Wednesday, July 14, 2010

(Bukan) Panggung Sandiwara

Beberapa hari yang lalu, seorang teman membuka ingatan saya pada satu cerita lama yang sangat, ya sangat menyebalkan dan menyakitkan. Jujur, saya agak kurang tertarik ketika dia -teman saya- memulai percakapan tentang cerita lama itu. Tapi nggak mungkin kan kalau saya pasang tampang bete didepan dia, akhirnya saya mencoba mendengarkan apa maksud pembicaraannya.

Sebelum dia meneruskan ceritanya, saya sudah menebak kemana arah pembicaraan kami. Dan benar saja, tebakan saya tepat sekali. Dia mencoba mengajak saya untuk menjawab 'Iya' dan kembali menjadi lakon disuatu panggung dan memainkan peran yang berkaitan dengan cerita lama tersebut.

Ah saya kan bukan pemain drama yang handal apalagi aktris papan atas yang terkenal. Tapi kenapa untuk kedua kalinya, saya terus diajak berperan di panggung yang sudah saya blacklist sebagai kegiatan yang tidak ingin saya lakukan lagi.

Dengan rasionalisasi keadaan panggung yang sekarat dan lakon-lakon muda yang dikhawatirkan tidak mampu mempertahankan panggung tersebut, dia tetap mengajak saya untuk bermain kembali, dengan harapan dapat membangkitkan kembali panggung tersebut. Setelah berbicara panjang lebar, dia kemudian pergi tanpa perlu saya menjawab ajakannya. Tentu saja, saya pun tidak akan langsung memberinya jawaban walaupun dia meminta, toh jawaban saya sekarang masih tetap sama dengan jawaban saya terdahulu, dan feeling saya mengatakan bahwa rekan-rekan yang senasib dengan saya pun memiliki jawaban yang sama jika diajak kembali melakon dipanggung tersebut. Tentu tidak mudah mengiyakan, karena -secara kasar- ini menyangkut harga diri.

Sebenarnya, bukan lakon-lakon muda atau panggungnya sendiri yang membuat saya tidak mau bergabung lagi, tetapi karena sutradara handal yang menguasai panggung tersebut. Yeah, ini hanya sudut pandang dan prasangka saya saja.
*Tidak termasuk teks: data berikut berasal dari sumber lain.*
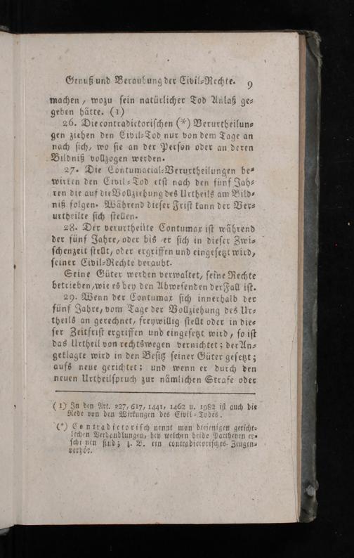 26. Die contradictoriſchen(*) Verurtheilun⸗ gen zieden den Civil⸗Tod nur don dem Tage an nach ſich, wo ſie an der Perſon oder an deren Bildniß vollzogen werden⸗

Sejak awal perjalanan panggung ini, saya sudah mencium ketidakenakan terhadap beliau, ditambah lagi dengan desas-desus track-record beliau yang sangat 'manis'. Dan kemudian saya pun bertemu beliau dalan suatu perayaan yang mengakibatkan kami bersitegang. Dengan segala kekesalan dan sakit hati yang membuncah dalam hati terhadap beliau -yang telah menyakiti hati saya dan rekan-rekan saya-, saya membeberkan kejahatan sang sutradara dan antek-anteknya tersebut. Walaupun mengakibatkan cibiran atau cap jelak sebagai junior-yang-tidak-tahu-sopan-santun. Terserah. Diasingkan pun saya tidak peduli. Seperti kutipan syair Gie: 'lebih baik diasingkan daripada menyerah pada kemunafikan.'

Ya, karena yang saya pedulikan adalah bagaimana caranya agar semua audiens mengetahui topeng asli dari sang sutradara. Karena semua itu semata-mata saya lakukan demi membuktikan seberapa 'sehat'nya panggung kita. Mungkin banyak yang menganggap saya sebagai pahlawan kesiangan, tetapi apakah kita harus tetap diam jika melihat ketidaksehatan didepan mata kita?

Biarlah masyarakat yang menilai. Kalimat itu yang selalu saya gumamkan setiap tak sengaja mendengar atau mendengar secara langsung dari orang-orang yang menanyakan perihal ini.

Biarkan juga waktu yang akan menjawabnya. Toh, sekarang para pecinta panggung mulai merasakan detak jantung panggung yang mulai melemah. Apalagi sepeninggal sutradara dari dunia per-panggung-an yang menyisakan warisan sebuah-maha-karya-kesemrawutan-panggung yang seolah-olah menjadi pekerjaan rumah yang harus diselesaikan oleh kami semua, termasuk saya dan rekan-rekan saya. Beuhh, permainan macam apa ini!